DMX is Appearing on a Reality TV Show? And it’s not Cops?!

DMX used to be such a badass! There are few hiphop songs in the world more intense than “Bring Your Whole Crew”. The song that he was most known for, since it was in every Disney movie ever made in the early 2000s, is “Party Up”. For whatever reason, nobody listened past the intro, because if they had, they would have heard this:

If I gotsta bring it to you cowards then it’s gonna be quick, aight
All your mens up in the jail before, suck my dick

Only DMX could get away with shit like that! He’s been on trial for everything! Rape in prison, Grand theft auto, guns, drugs, obscene language, menacing, criminal mishief, defamation of character, driving recklessly, speeding, violating probation, the list goes on and on and on. He even got to make fun of Ja Rule openly! When it comes to living the insane life that all of these “artists” talk about, DMX actually walked the walk.

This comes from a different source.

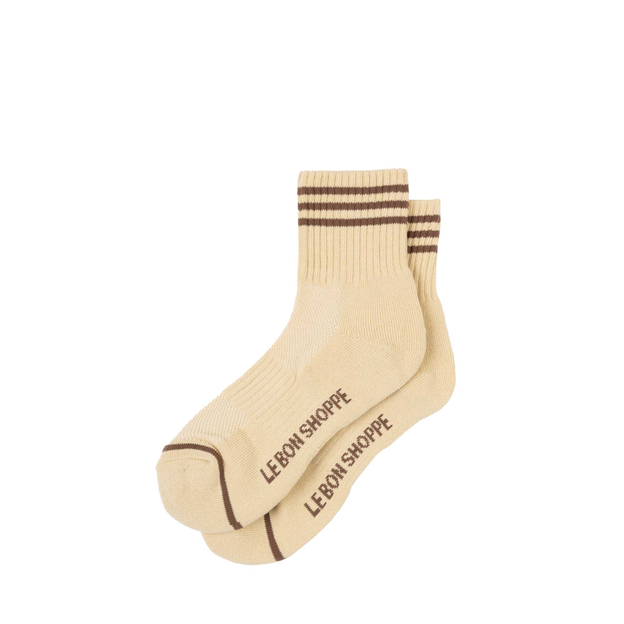 Le Bon loved their Boyfriend Socks so much they decided she needed a sister, the Girlfriend Socks is the cool crew version of their original bestseller and classic Boyfriend Socks. These beauties feature a triple contrast stripe at the opening and a shorter classic crew sock length. She is a universally quintessential sock and especially flattering for our petite ladies.

Right now, you’re probably thinking where DMX is. Nobody has heard from him in what seems like years. Is he back in jail? Did he murder someone? Has he quit the game? No. He’s done something even worse.

DMX is currently a minister, and it isn’t rap anymore, it’s gospel. No, I’m not kidding. After:

I got blood on my hands and there’s no remorse
I got blood on my dick cuz I fucked a corpse
I’m a nasty nigga when u pass me nigga look me in my eyes
Tell me to my fuckin face that u ready to die

He is making such top 100(0) hitlists with “Lord Give me a Sign”:

Lord Give me a Sign!
I really need to talk to you Lord
Since the last time we talked the walk has been hard
Now I know you haven’t left me.

God, I hate it when people do this. Not just DMX, but people in general. He’s turning into Tim Tebow, and I HATE Tim Tebow. Do you think God cares, Tebow or DMX? Really? He doesn’t have enough on his plate? Starvation, child soldiers, tyrannical leaders, rape, murder, getting Blue Bloods off the air, and everyone who watches Twilight. With all of that going on, you think he’d waste his time with football or some shitty joke of an album?

Anyways, now that he’s a failure, DMX announced a week ago he’ll go on some waste of money television show, Relationship Rehab, where he’ll try and rebuild his marriage. His current wife (who cares about her name, you don’t know or care who she is anyways) who he has 4 children with, will try to fix their most recent seperation. I’m thinking it has something to do with him having 6 bastard children with various women. Filming starts next month and will premier on VH1.

Don’t lie to me America. We love a good old-fashioned train wreck, and we get a front row seat to this hilarious end to one of rappers badass reigns and you’re going to pretend like you wont watch it? We were obsessed over Charlie Sheen’s meltdown and nobody even cares about him. Hell, I’ll watch a celebrity sex tape even if the girl isn’t hot, and I have no interest in ever seeing her naked! Don’t lie, if Sarah Jessica Parker came out with one tomorrow, you’d watch it. And she looks like a horse!

You’re going to tell me you don’t like watching celebrities circle the drain, then I will happily call you a liar. Or un-American, whichever you don’t prefer.